Privately held middle-market companies can be expected to have a fair amount of financial stress because their leverage profile is less forgiving, PJT’s Zelin said. The types of restructuring the market may see would be prepack chapter 11 filings or consensual out-of-court transactions, because of the cost of a prolonged in-court process, and the willingness of sponsors to turn over the keys to lenders if there’s no recovery, Ropes & Gray’s Galardi said.

Despite a record low default rate, sources noted that aggressive valuations and record debt issuance, the ingredients for balance sheet problems down the road.
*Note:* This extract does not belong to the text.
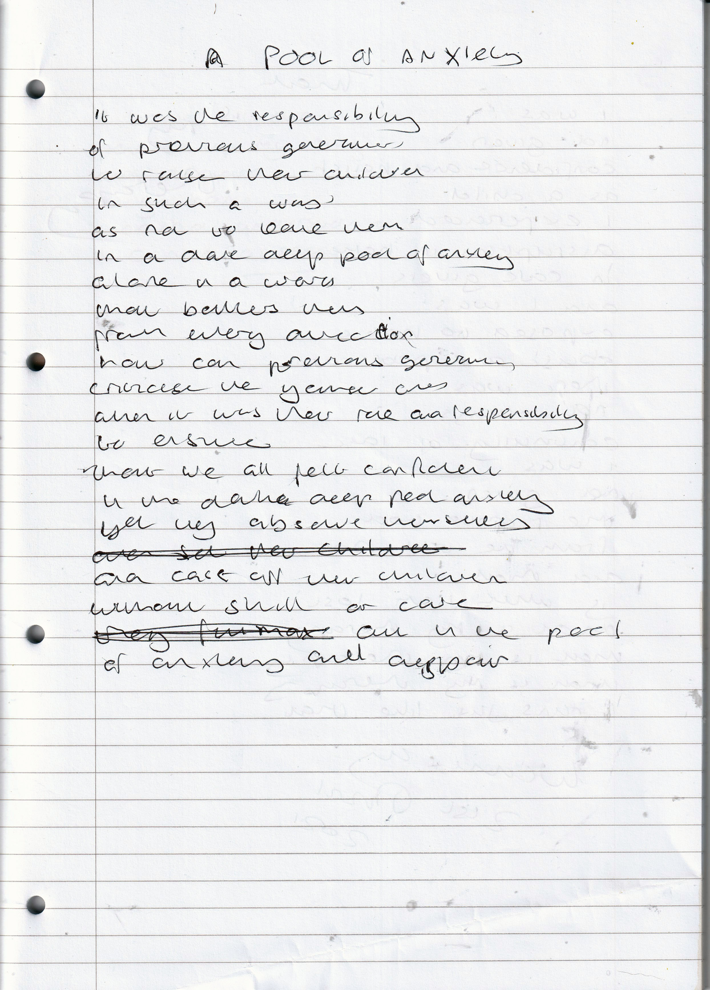 A Pool of Anxiety – Written April 2021 (Aged 46)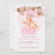 Pink Teddy Bear 1st Birthday Bear with Balloons Invitation

“Credit cycles are not extinct,” Proskauer’s Hillman said. “There will be another boom and bust cycle, just like there was before.”

A Changing Landscape

Restructuring professionals highlighted a number of bankruptcy issues and trends to watch out for, including non-pro-rata debt transactions, which are expected to continue until courts define the limit, releases of claims against non-debtor third parties in chapter 11, payment of interest on unsecured claims against solvent debtors, and bankruptcy venue.

Sources also noted an increase in post-confirmation litigation. ​“Historically, there’s been a rush to plan confirmation to contain the administrative costs of in-court restructurings. More than I’ve seen before, creditors are now focused on fighting for every last penny, especially with a slower filing pace,” Riveron’s Young said. “In addition, more availability of litigation financing is driving a significant ramp-up in post confirmation litigation.”